Encore une fois, Mörd fit avancer des témoins: «Vous m'êtes témoins, dit-il, que je cite en témoignage les neuf plus proches voisins du lieu du meurtre (et il les nomma tous par leur nom), pour qu'ils comparaissent à l'Alting, et qu'ils y fassent leur déclaration en qualité de voisins au sujet de l'attaque, qualifiée par la loi, que Flosi fils de Thord a commise sur la personne d'Helgi fils de Njal, sur le lieu même où il lui a fait une blessure soit à la tête, soit à la poitrine, soit aux membres inférieurs, blessure qui s'est trouvée être mortelle, et au moyen de laquelle Helgi a trouvé la mort. Je vous fais sommation de n'oublier aucune des paroles que la loi vous oblige à prononcer, que je réclamerai de vous devant le tribunal, et qui sont de rigueur dans ces poursuites. Je vous fais cette sommation selon la loi, de manière que vous puissiez m'entendre. Je vous fais sommation en vertu de la délégation de Thorgeir fils de Thorir.»

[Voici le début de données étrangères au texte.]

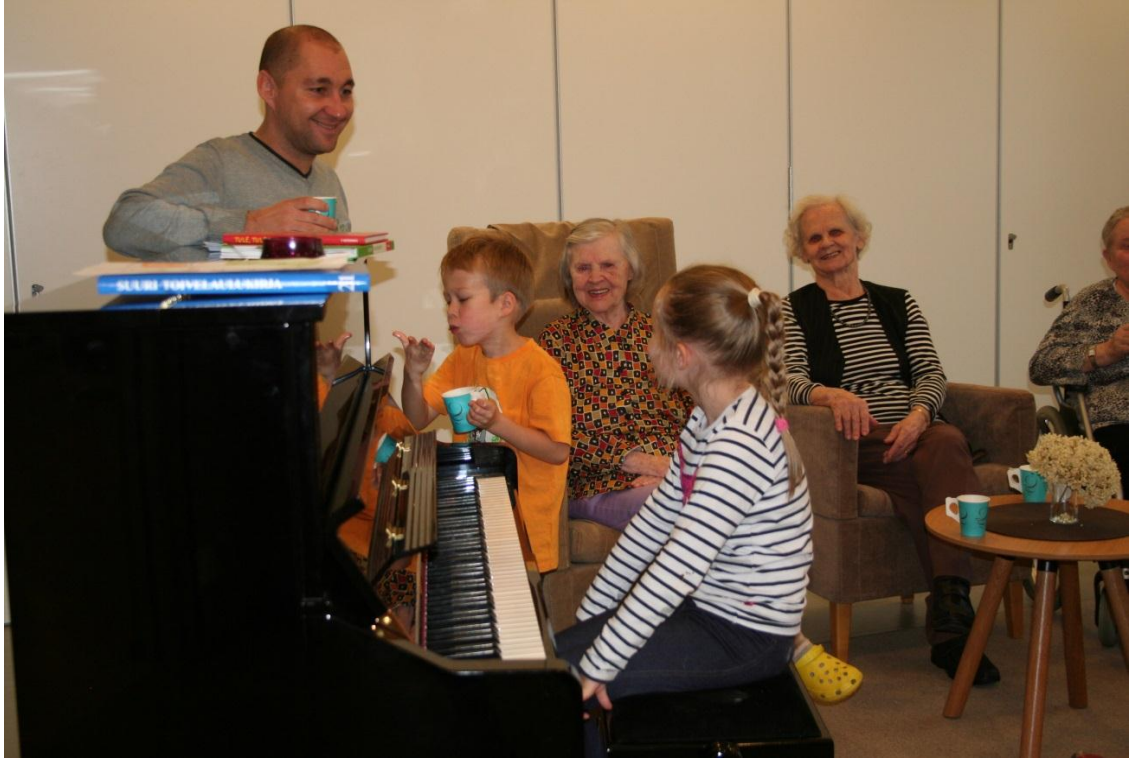
Kuva 10. Lauluhetki

Mörd fit avancer encore des témoins: «Vous m'êtes témoins, dit-il, que j'ai cité ces neuf hommes, tous proches voisins du lieu du meurtre, à comparaître devant l'Alting, et à faire leur déclaration, en qualité de voisins, au sujet de la blessure faite par Flosi fils de Thord à Helgi fils de Njal, à la tête, à la poitrine, ou aux membre inférieurs, blessure qui s'est trouvée être une blessure mortelle, et au moyen de laquelle Helgi a reçu la mort, sur le lieu même où Flosi fils de Thord attaqua Helgi fils de Njal, attaque qualifiée par la loi. Je vous fais sommation de n'oublier aucune des paroles que la loi vous oblige à prononcer, que je réclamerai de vous devant le tribunal, et qui sont de rigueur dans ces poursuites. Je vous fais sommation selon la loi. Je vous fais sommation de manière que vous puissiez m'entendre. Je vous fais sommation en vertu de la délégation de Thorgeir fils de Thorir.»

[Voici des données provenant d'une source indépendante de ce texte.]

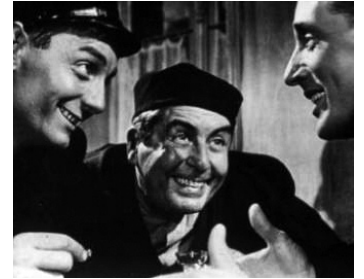
1953 L'AMOUR D'UNE FEMME de Jean Grémillon avec Roland Lesaffre, Massimo Girotti

Alors Mörd dit: «Voici que l'affaire est engagée, comme vous l'avez demandé. Je te prie maintenant, Thorgeir Skorargeir, de venir me trouver quand tu iras au ting. Nous ferons route tous deux ensemble avec nos troupes réunies, et nous nous tiendrons de notre mieux; mes hommes seront prêts dès le commencement du ting: et je vous serai fidèle en toute chose.» Et ils furent contents de ce qu'il avait dit. Ils s'engagèrent par serment à ne pas se séparer les uns des autres, tant que Kari ne l'aurait pas permis, et à mettre leur vie en jeu les uns pour les autres. Ils se quittèrent en grande amitié, et se donnèrent rendez-vous au ting.